The phone is running hot, but it’s just an ordinary working day for north coast medicinal cannabis provider Jason (not his real name).

‘I’ve stepped back from the frontline now but I used to get literally hundreds of calls a day,’ he says.

‘I’d be getting calls in the middle of the night and pretty much just be doing triage for most of the day – figuring out who’s most in need.

‘The demand from the community is constant and overwhelming.’

As we talk, a young man sidles up and quietly asks Jason for ‘some medicine’.

The patients making use of Jason’s services do not fit the ‘drug user’ stereotype, ranging from millionaire CEOs flying in on private jets, to local single mothers bringing in their sick kids.

They present with everything from tick bites to end- stage cancer and dozens of other conditions in between.

Many carry referral letters from licensed doctors, oncologists or naturopaths, and have been quietly pointed in Jason’s direction.

‘The state they’re in could be anything from a mild state of anxiety to the full-blown awareness of imminent death, so a big part of the job is counselling,’ Jason says.

Good results

The north coast’s underground medicinal cannabis market would be a potential gold mine for medical research if established laboratories and universities weren’t so busy pretending it wasn’t there.

Jason has seen the results of medicinal cannabis treatment for dozens of diseases and conditions and is convinced that it works, if used in the right way.

‘What’s clear to me is that it works if it’s used as part of an holistic treatment plan that involves diet, lifestyle and frame of mind,’ he says.

‘There are a bunch of health outcomes that are directly attributable to these products.

‘We’ve saved people and we’ve lost people. I believe that in certain circumstances it can cure cancer, but we never tell people that’s definitely going to happen.’

Jason freely admits that quality control can be a challenge.

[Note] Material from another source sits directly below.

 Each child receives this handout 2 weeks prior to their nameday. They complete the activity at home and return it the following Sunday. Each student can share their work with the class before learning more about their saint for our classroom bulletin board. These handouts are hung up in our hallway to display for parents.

Without the assistance of large laboratories, he is unable to rigorously test his products to the level he’d like to.

However, by sourcing it from countries where medicinal cannabis is more widely available, Jason believes the quality is consistently high.

As much as Jason and others would like to have access to professional laboratories for testing purposes, he does not support the moves by big pharmaceutical companies to strip medicinal cannabis back to a single cannabinoid element designed to treat specific conditions.

‘In any given cannabis plant, there are dozens of different cannabinoids and terpenes and other elements,’ he says.

‘They all react with each other and with the body in different ways. By isolating one cannabinoid we’re potentially losing the complementary benefits of the whole plant.’

He believes the influence of big pharma is an opportunity missed for the North Coast and particularly the Byron Shire.

‘We’ve got the soil, the climate and the knowledge, but we’re going to end up with giant hydroponic greenhouses run by foreign pharmaceutical companies pumping out sterile medications.’

Prosecution

He believes many people will simply ignore the mainstream medications and continue to frequent businesses like his.

And he will continue to serve them, regardless of the risk to himself and his staff.

‘It would be wonderful for people to have a better person than me to help them,’ he says. ‘But until there’s some good sense and maturity, it will continue to fall to people like me who choose to run the real risk of prosecution and doing something that could put me away.’

‘I look at my kid every morning and think about folding the whole thing up.

‘The only thing that stops me is the kids I’ve seen, bleeding from their ears, who are on meds that aren’t working and may well end up killing them.

‘Everyone knows someone who has something distressing that could be improved by taking medicinal cannabis.

‘Why are we still prevaricating on this issue and making it so hard for people?

It’s a question being asked by many across the region. But for the time being, business will continue as usual.